A todo lo anterior hay que sumarle la subida de otros costes que, hasta ahora, se han venido manteniendo planos. Por ejemplo: el previsible aumento de los tipos de interés hará que la cuota mensual de los hipotecados españoles suba entre 126 y 537 euros, de modo que el precio de acceso a la vivienda también va a experimentar un coste de financiación marcadamente superior. De modo que parece imperioso buscar soluciones a la escalada generalizada de los precios soportados por el sector.

De igual modo, no hay que despreciar el efecto que están teniendo las subidas fiscales y del salario mínimo en el coste de la mano de obra. Este último indicador se ha incrementado más de un 40% desde que gobierna Pedro Sánchez.

Compensar el encarecimiento con menos intervencionismo

¿Qué podemos hacer para desbloquear la situación? Como ha explicado Libre Mercado, el atasco burocrático que enfrentan los promotores es tal que el arranque de una promoción de obra nueva supone entre diez y doce años de demora, a raíz de todo el papeleo exigido por las autoridades urbanísticas. Unos tiempos de espera tan dilatados redundan en precios más elevados para todos los agentes del mercado. De modo que las medidas de flexibilización y desregulación normativa pueden ayudar, y mucho, a generar costes más asequibles para todo el proceso de desarrollo de vivienda.

El precio de las licencias de construcción y las tasas de referencia de los impuestos del sector también debería ser revisadas para favorecer una mayor competitividad en términos de costes. El primer indicador se encareció un 8% en Madrid durante el periodo de gobierno de Manuela Carmena (2015-2019) y ha experimentado subidas aún mayores en otras ciudades como Barcelona.

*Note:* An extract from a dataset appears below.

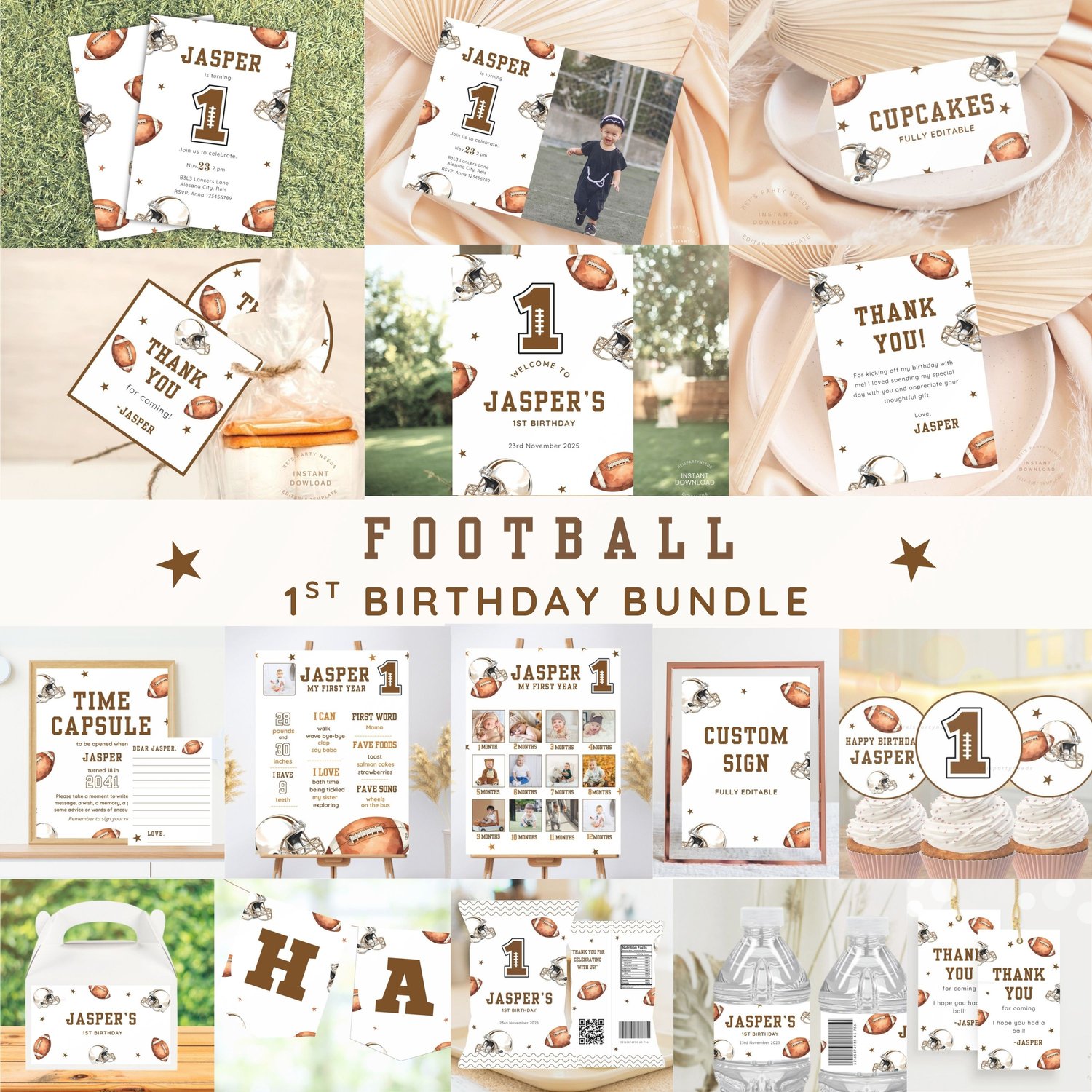 Football First Birthday Party Bundle, First Year Down Birthday Bundle, Editable Rookie Year Birthday Set, Football Birthday Invitation

Pero, no lo olvidemos, hay otro problema en la mesa que no se puede cuantificar de forma precisa, pero que encarece sistemáticamente la operativa del sector. Y es que, sin duda, existe un enorme riesgo político asociado a los procesos del mercado inmobiliario. Tomemos el caso de Barcelona. La alcaldía de Ada Colau se dedica a comprar precios privados a precio de oro, inflando y distorsionando las dinámicas del mercado. Además, el consistorio protege de forma activa al movimiento okupa, al que brinda respaldo institucional y normativo. No solo eso: Colau también amenaza de forma activa a los propietarios de vivienda, planteando expropiaciones a quienes no den a su propiedad el uso que desea la alcaldía. Y, si todo lo anterior no fuese suficiente, no hay que olvidar que en Cataluña se han introducido controles de precios que han hecho que se desplome la oferta de vivienda en alquiler. Todo esto se traduce en costes más altos, en la medida en que los promotores se ven obligados a incluir estos posibles obstáculos en los precios que ofrecen a los compradores.

De modo que, ante la subida de los precios de coste de los materiales de construcción, y ante la escalada de otros factores como los tipos de interés o la mano de obra, parece lógico plantear una ronda de medidas de desregulación que suavicen los enormes costes regulatorios asociados al desarrollo de un bien de primera necesidad como es la vivienda.